Abstract
Mechanical interactions between cells have been shown to play critical roles in regulating cell signaling and communications. However, the precise measurement of intercellular forces is still quite challenging, especially considering the complex environment at cell–cell junctions. In this study, we report a fluorescence lifetime-based approach to image and quantify intercellular molecular tensions. Using this method, tensile forces among multiple ligand-receptor pairs can be measured simultaneously. We first validated our approach and developed lifetime measurement-based DNA tension probes to image E-cadherin-mediated tension on epithelial cells. These probes were then further applied to quantify the correlations between E-cadherin and N-cadherin tensions during an epithelial-mesenchymal transition process. The modular design of these probes can potentially be used to study the mechanical features of various physiological and pathological processes.
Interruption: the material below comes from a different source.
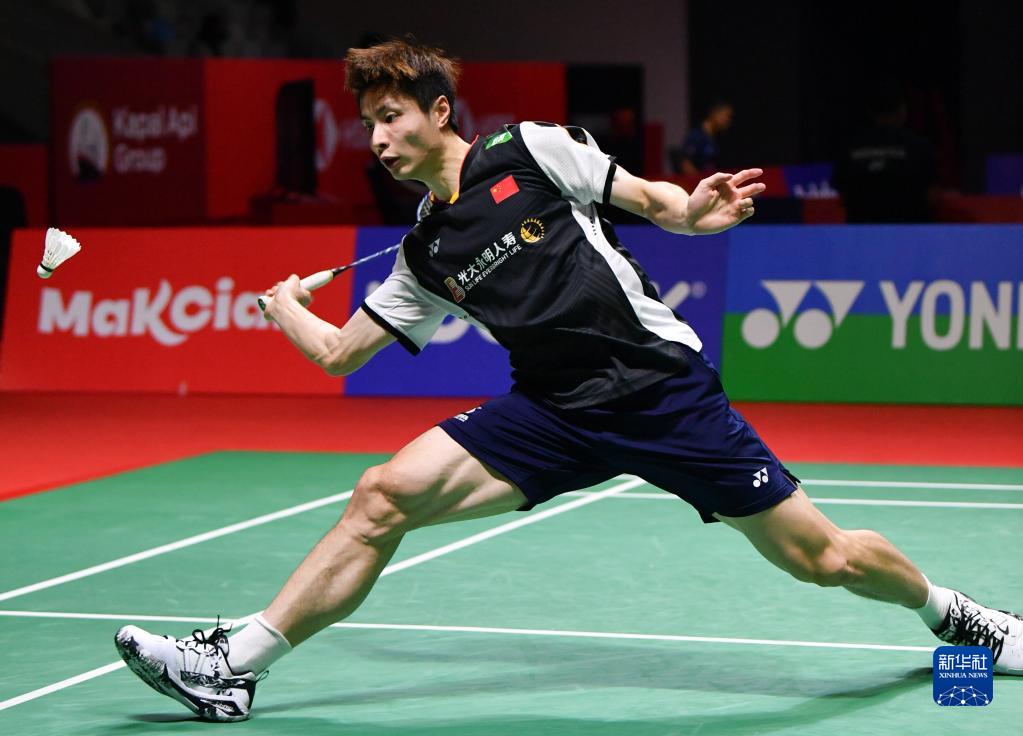 6月13日,石宇奇在雅加达举行的2023年印度尼西亚羽毛球公开赛男单比赛中回球。新华社记者 徐钦 摄

Keywords: cadherin, DNA probe, epithelial-mesenchymal transition, fluorescence lifetime imaging, intercellular tensile force
Graphical Abstract
A fluorescence lifetime imaging-based cell membrane-anchored DNA hairpin probe is designed to measure tensile forces at cell-cell junctions. Tension among multiple ligand-receptor pairs can be quantified simultaneously during cellular processes such as epithelial-mesenchymal transition.
Introduction
In multicellular organisms, cells communicate with each other to regulate tissue development and homeostasis. Various chemical and biological stimuli are known to be capable of controlling these intercellular communications.[1] More recently, mechanical stimuli including forces at cell–matrix and cell–cell junctions have also been shown to play an important role during cellular proliferation, differentiation, and migration.[2,3] While extensive studies have now focused on the mechanical reactions between cells and extracellular matrices, biomechanical interactions between individual cells are still poorly understood.[4] These physical forces at cell–cell junctions can modulate a variety of mechanotransduction pathways through adhesion molecules such as cadherins.[5] Measuring intercellular forces mediated by these adhesion molecules is thus critical in our understanding of cellular communication events, especially in embryo development, epithelial viscoelasticity, and epithelial-mesenchymal transition.[6–8]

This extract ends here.